Tumor-infiltrating GAMs were isolated from B6, S100a4−/− and S100a4+/ hosts injected with ×2808 mouse glioma using FACS sorting of CD45hi (#103114, RRID:AB_312979; BioLegend—1:1000), CD11bhi(#101259, RRID:AB_2566568; BioLegend—1:1000) and GFP+ (in case of S100a4−/− vs. S100a4+/−). GAMs were then cultured overnight and incubated with pHrodo Red Zymosan Bioparticles Conjugate for Phagocytosis (P35364, Thermo Fisher Scientific) for two hours on the following day.
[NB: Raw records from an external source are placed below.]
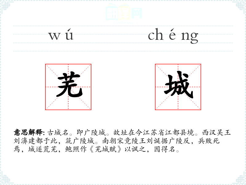古城名。即广陵城。故址在今江苏省江都县境。西汉吴王刘濞建都于此,筑广陵城。南朝宋竟陵王刘诞据广陵反,兵败死焉,城遂荒芜,鲍照作《芜城赋》以讽之,因得名。
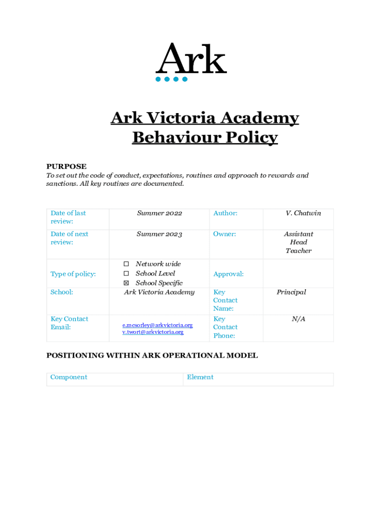 Ark Victoria Academy Behavior Policy Purpose set out the code of conduct, expectations, routines and approach to rewards and sanctions. All key routines are documented. Date of last review:Summer
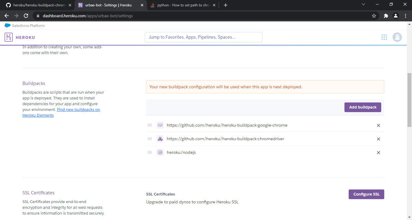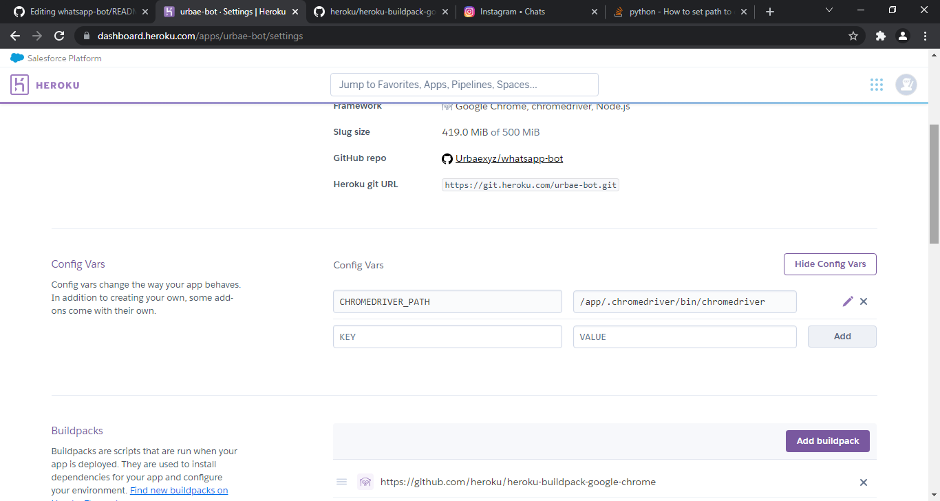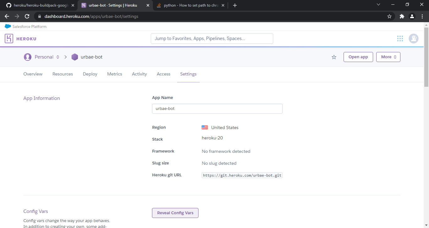 urbae-bot · Settings _ Heroku - Google Chrome 18_10_2021 11_19_37
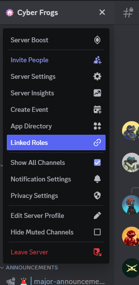 3. Come back into discord, go to server settings and click on "linked roles".
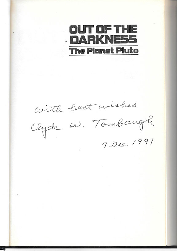 TOMBAUGH, Clyde (1906-1997) Astronomer, who discovered the ninth planet Pluto. His book “Out Of The Darkness, The Planet Pluto”. Stackpole Books, Pa. 1980, First Edition. Two hundred twenty pages, illustrated. Written by Tombaugh on the half title page: “with best wishes Clyde WE. Tombaugh, 9 Dec. 1991”. Fascinating on pages 126, 127, 128 and 129 the author makes additional notes on two of the pages which illustrate the planet Pluto, one signed with his initials. In fine condition with dust jacket. Signed copies of this book are very scarce...$795.00
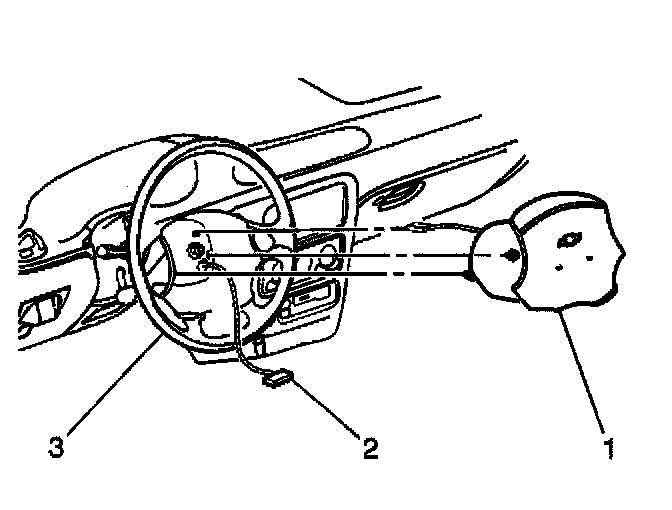 2. Install the inflator module (1) to the steering wheel (3).
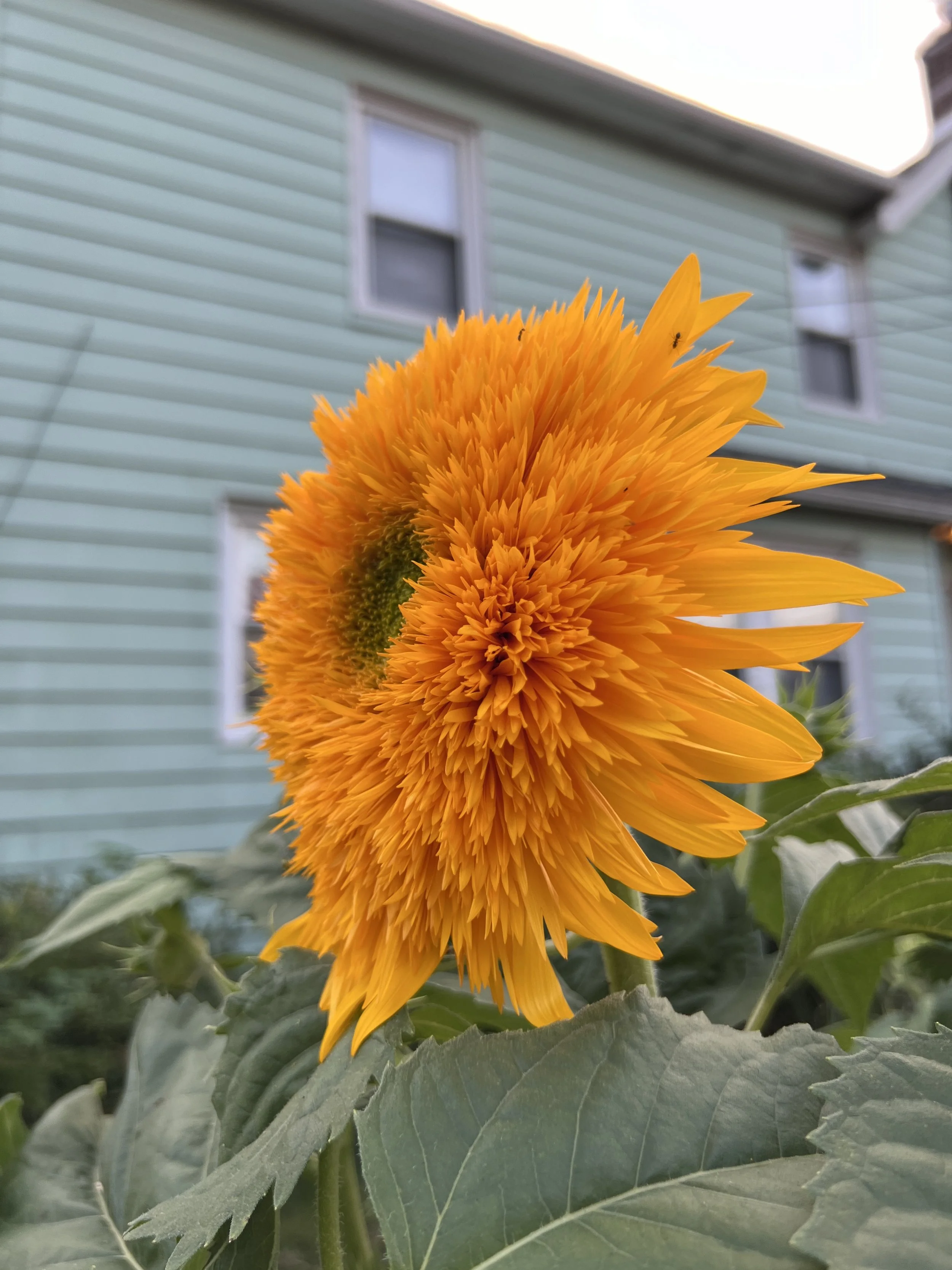 Sunflowers are iconic. Last year I grew Double Sunking Sunflowers (Baker Creek) a fluffy variety of sunflower unlike any I’ve seen before. They have thin feathery petals that are densely packed together. Mine grew between 4 and 6 feet in height with HUGE leaves over 1 foot across.

Following two-hour incubation with the beads, immunofluorescence images were obtained using the Zeiss Axiovert 200 M fluorescence microscope.

Statistical analysis

Statistical comparisons were performed using GraphPad Prism V9.3.0 (RRID:SCR_002798; GraphPad Software, La Jolla, CA) or R. Values and error bars represent the mean ± standard error of the mean. The respective number of replicates (n) is indicated in the figures or in the figure legends. Power analyses were used to determine appropriate sample sizes for animal experiments (power 0.8, alpha 0.05). p-Values were determined by an appropriate statistical test such as Student’s t-test or analysis of variance (ANOVA) with multiple comparison correction, as indicated in the figure legends.

Reporting summary

Further information on research design is available in the Nature Research Reporting Summary linked to this article.